Japanese Railway Line

The Takao Line (高尾線, Takao-sen) is a railway line operated by the Japanese private railway operator Keio Corporation. The line connects Kitano Station on the Keio Line, to Takaosanguchi Station, and offers access to Mount Takao at the terminal.
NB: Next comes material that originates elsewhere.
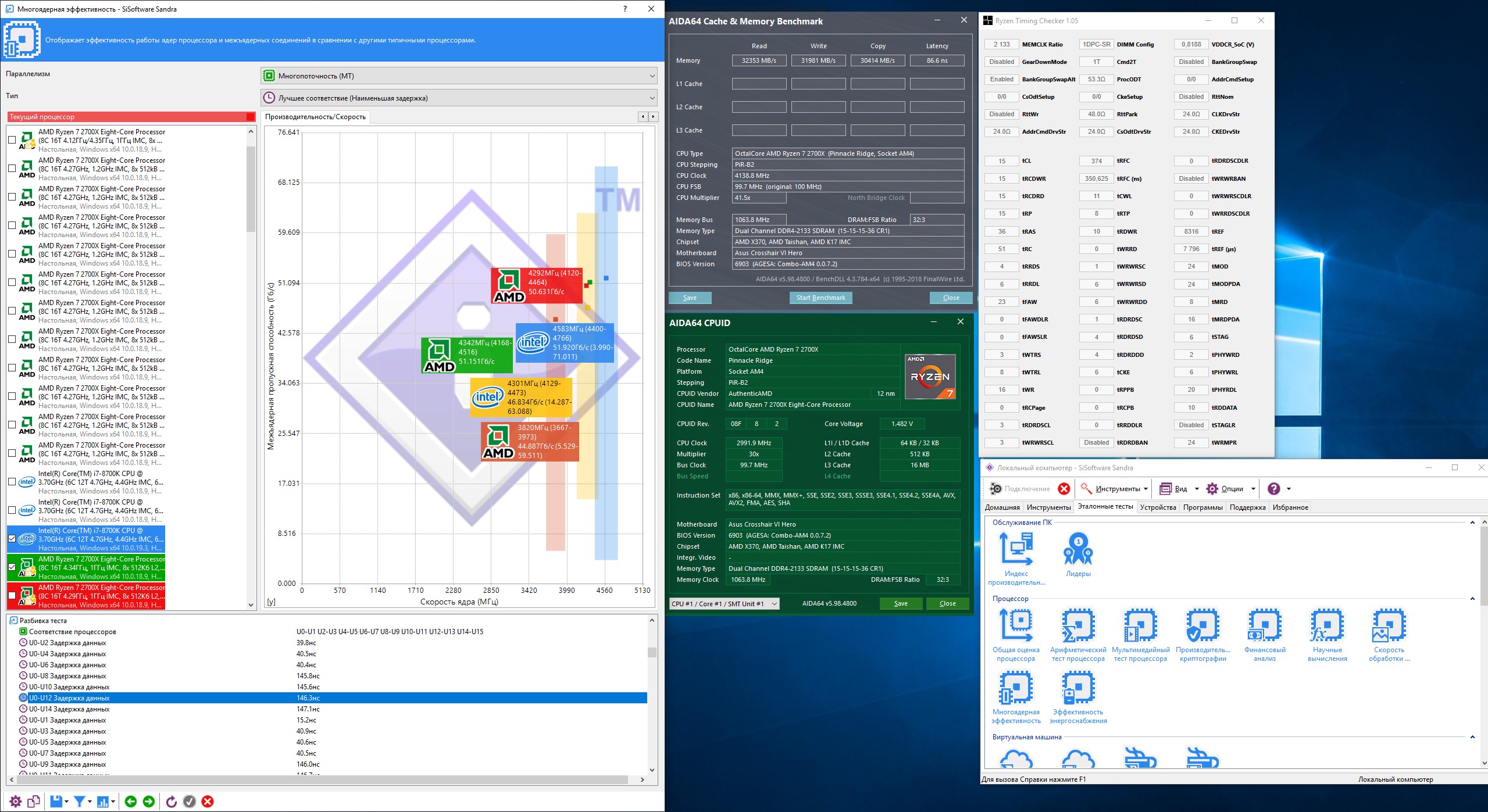 * офсет у мси как не работал так и не работает, постоянно 1,455 лупит в максимуме * память hynix cjr раньше спокойно стартовала на 4000, сейчас это голубые экраны. На 3200 я не могу стабилизировать память, но в диапазоне 3466-3800 все отлично.Agesa 1.0.0.4c была лучшая для разгона, имхо * заметил 5% спад фпс в SWBF2 и AC:Odyssey (минималка пострадала и средний). С моментами 0.1%, не все однозначно , возможно их стало больше. Лично для меня в онлайн шутере это ощутимо. Ноги сего растут из-за возросшей задержки межядерной связи и падение ПСП инфинити. Исправят или нет для меня загадка , но англоязычные и немецкие сообщества уже уведомлены * поймал с 10ток выпадения компа в непонятный режим, когда просто тухнет экран и спадают обороты на вентилях, реакции ноль у компа даже после перезагрузки. Нечто напоминающее компьютерную кому. Выходит он из этого состояния после обесточивания * на аиды внимание перестал обращать внимание, замеры килобобиков в вакууме , сандра более показательный тест * на кросхейре к примеру улучшилась точность измерений датчиками напряжения, в связи с этим некоторые пользователи отмечают о снижении рабочего напряжения. Мне кажется это плацебо, проблему изначально создала асус а теперь ее решила. Во всяком случае нужно замерять мультиметром показания старого и нового биоса * у асуса появилась 0.0.7.2, улучшений нет , межядерная задержка стала на 2% ещё хуже * из хороших новостей - скаляр PBO вернули и все платы 350 получили поддержку Zen2
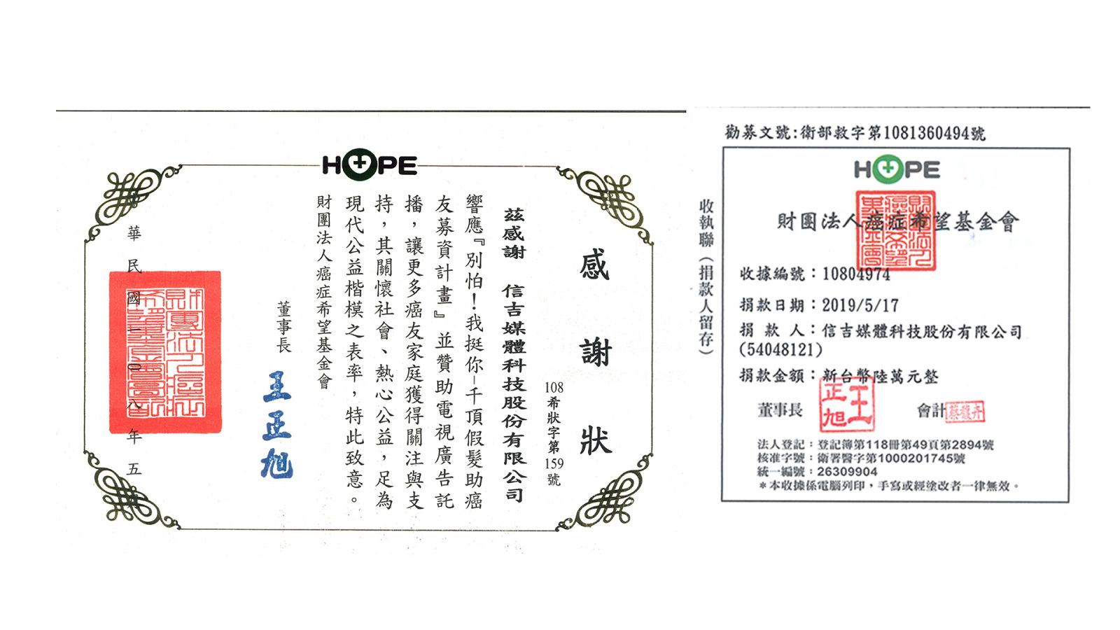 捐贈對象:響應『別怕!我挺你!千頂假髮助癌友募資計畫』並贊助電視廣告託播+捐款陸萬元整

It is gauge, electrified at 1,500 V DC. The line originally terminated at Goryōmae to service visitors to the Musashi Imperial Graveyard.

During the daytime, most trains operate through to/from the Shinjuku terminal on the Keio Line.

==Service patterns==
On the Takao Line, Keio operates six different service types, with trains running through to and from the Keio Main Line.
- Local (各駅停車, Kakueki Teisha) (L)
- Rapid (快速, Kaisoku) (R)
- Semi Express (区間急行, Kukan Kyūkō) (SeE)
- Express (急行, Kyūkō) (E)
- Special Express (特急, Tokkyū) (SpE)
- Mt.TAKAO (MT) - Reserved-seat supplementary-fare services to and from Shinjuku, operating on weekends and holidays with three round-trips.

==Stations==
All stations are in Hachiōji, Tokyo.

- Legend
● : All trains stop

▲ : Shinjuku-bound trains stop to pick up passengers

│ : All trains pass

| No. | Station | Japanese | Distance (km) (from Kitano) | Distance (km) (from Shinjuku) | L | R | SeE | E | SpE | MT | Transfers |
↑ Through-running to/from the Keiō Line towards Shinjuku ↑
|  | Kitano | 北野 | 0.0 | 36.1 | ● | ● | ● | ● | ● | ▲ | Keiō Line (KO33) |
|  | Keiō-Katakura | 京王片倉 | 1.7 | 37.8 | ● | ● | ● | ｜ | ● | ｜ | Yokohama Line (Katakura: JH31) |
|  | Yamada | 山田 | 3.2 | 39.3 | ● | ● | ● | ｜ | ● | ｜ |  |
|  | Mejirodai | めじろ台 | 4.3 | 40.4 | ● | ● | ● | ● | ● | ▲ |  |
|  | Hazama | 狭間 | 5.8 | 41.9 | ● | ● | ● | ｜ | ● | ｜ |  |
|  | Takao | 高尾 | 6.9 | 43.0 | ● | ● | ● | ● | ● | ▲ | Chūō Line (JC24) |
|  | Takaosanguchi | 高尾山口 | 8.6 | 44.7 | ● | ● | ● | ● | ● | ● |  |

==History==

===Former Goryō Line===
On March 20, 1930, the Keio Electric Tramway opened the Goryō Line, a 6.3 km branch of the Keio Line, electrified at 600 V DC, between Kitano Station and Goryōmae Station. The terminus, Goryōmae, was a gateway for the tomb of Emperor Taishō.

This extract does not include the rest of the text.